Хотя Ноаса ожидали дома только к осени, он появился еще до Янова дня. Поговаривали, не обошлось тут без участия Августа. Как бы то ни было, один из первых маршрутов Ноаса по цветущему городу привел его в мастерскую картинок. Постояв перед витриной и оглядев описанный выше этюд Леонтины, Ноас, подкрутив усы, огладив бороду, решительно шагнул внутрь, а заодно висевшую на цепочке эмалированную табличку с четырехъязычной надписью «Открыто» перевернул тыльной стороной, где значилось «Закрыто».
Можно лишь гадать о том, что внутри происходило. На другой день зунтяне вместо этюда Леонтины увидели двух милых собачек, одну большую, другую маленькую. А несколькими днями позже Руи Рудольф Русинь Молбердье Мелбардис бесследно исчез из Зунте. Помещение бывшей мастерской, расположенной на бойком месте, пустовало недолго. Вскоре там открылась парикмахерская, которая десятилетия спустя еще раз станет поворотным пунктом в судьбах Вэягалов: в этой мастерской сын Паулиса Вэягала, Виестур, влюбится в парикмахершу Валию.
Разные тогда ходили толки: «Ноасу это стоило кучу золота, ну да ладно, денег у него навалом». А про Леонтину шли такие речи: «Эка девка, вы только послушайте, что она говорит, — кругом, дескать, твердят «обрезанные, обрезанные», а у них все как у людей, ничуть не меньше, чем у других».
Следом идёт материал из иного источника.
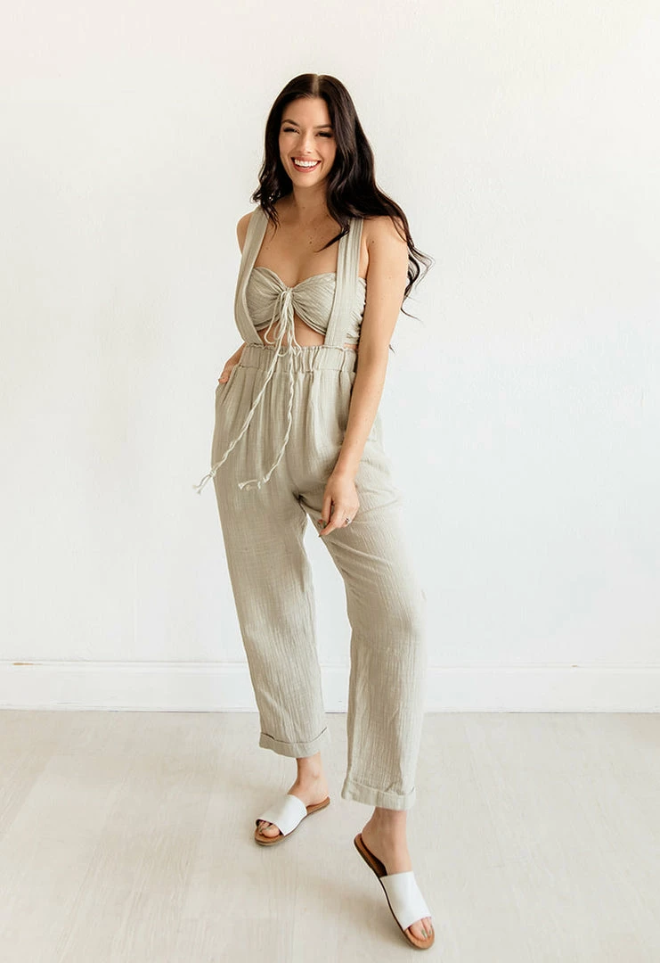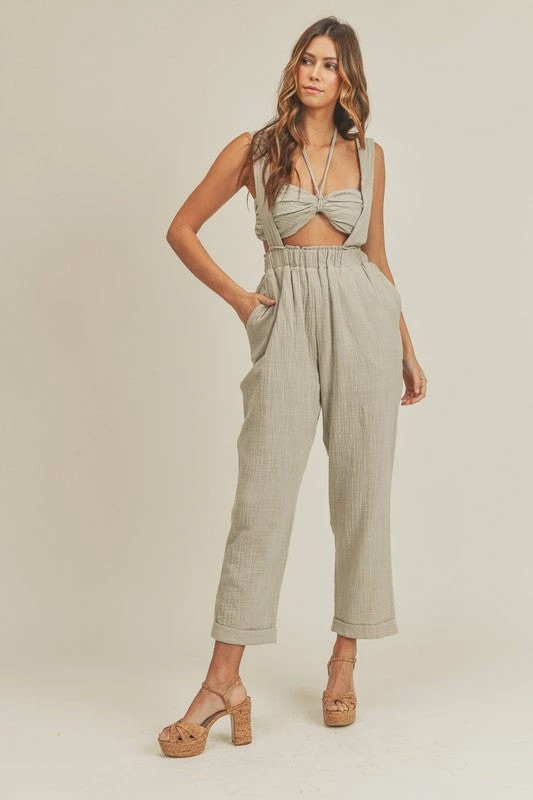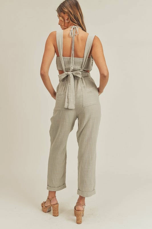 The summer set of your dreams! Our Ralphie Smocked Halter Crop Top comes in dusty olive/taupe hue. Designed with an adjustable halter neckline and a smocked body. Wear this top with the matching overall pants and espadrilles.

На разных широтах и меридианах перевозя рискованные грузы, Ноас твердо уверовал в истину, что существует единственный способ избавиться от тысячи подстерегающих тебя опасностей: поскорее сбыть с рук рискованный груз, доставив его по месту назначения. После очередных похождений дочери переведя эту благоприобретенную житейскую мудрость в бытовую плоскость, Ноас — ради счастья дочери и собственного спокойствия — почел необходимым Леонтину срочно выдать замуж. На рождество Леонтину повели к первому причастию, а в канун Нового года Ноас повез дочь в Ригу, и три недели прошли в нескончаемых балах и празднествах, в отцеживании сливок возмужалости из денежных и влиятельных семейств. Хотя Леонтина повсюду производила ошеломляющее впечатление и дебют ее расценивался как весьма удачный, Ноас вернулся с дочерью домой заметно раздосадованный. Рига, вопреки ожиданиям, оказалась пустоватой. За последние лет десять, с тех пор как он стал реже там бывать, многое изменилось. Столпы местного общества с кичливым высокомерием поглядывали на толстосумов из провинции, почитая их низшей кастой. Напыщенных папенькиных сынков не менее напыщенные мамаши, жеманно щурясь и выпячивая нижнюю губу, придирчиво озирали кандидаток в невестки и роняли как бы между прочим: «А вы, барышня, курс наук где проходили — в Сорбонне или в немецкой хохшуле?» Кое-что попадалось, не без того, однако ничего стоящего, чтобы тотчас бросить на наковальню и ковать, пока горячо. К тому же Ноасу не слишком понравился повышенный интерес, проявляемый Леонтиной к рослому и стройному актеру из труппы Роде Эбелинга. Влюбляться в театральных идолов в Риге считалось последней и похвальной дамской экстравагантностью. Леонтина, слава богу, лишь однажды потерялась из виду: сказала, пойдет на поэтический вечер Аспазии, а на поверку оказалась в актерском конце Рижского латышского общества. К слову сказать, и от этой Аспазии не мешало бы дочь держать подальше, стишки сочиняет складные, а в голове ералаш — долой все путы, толкайте в море лодочки и поплывем в таинственную даль!..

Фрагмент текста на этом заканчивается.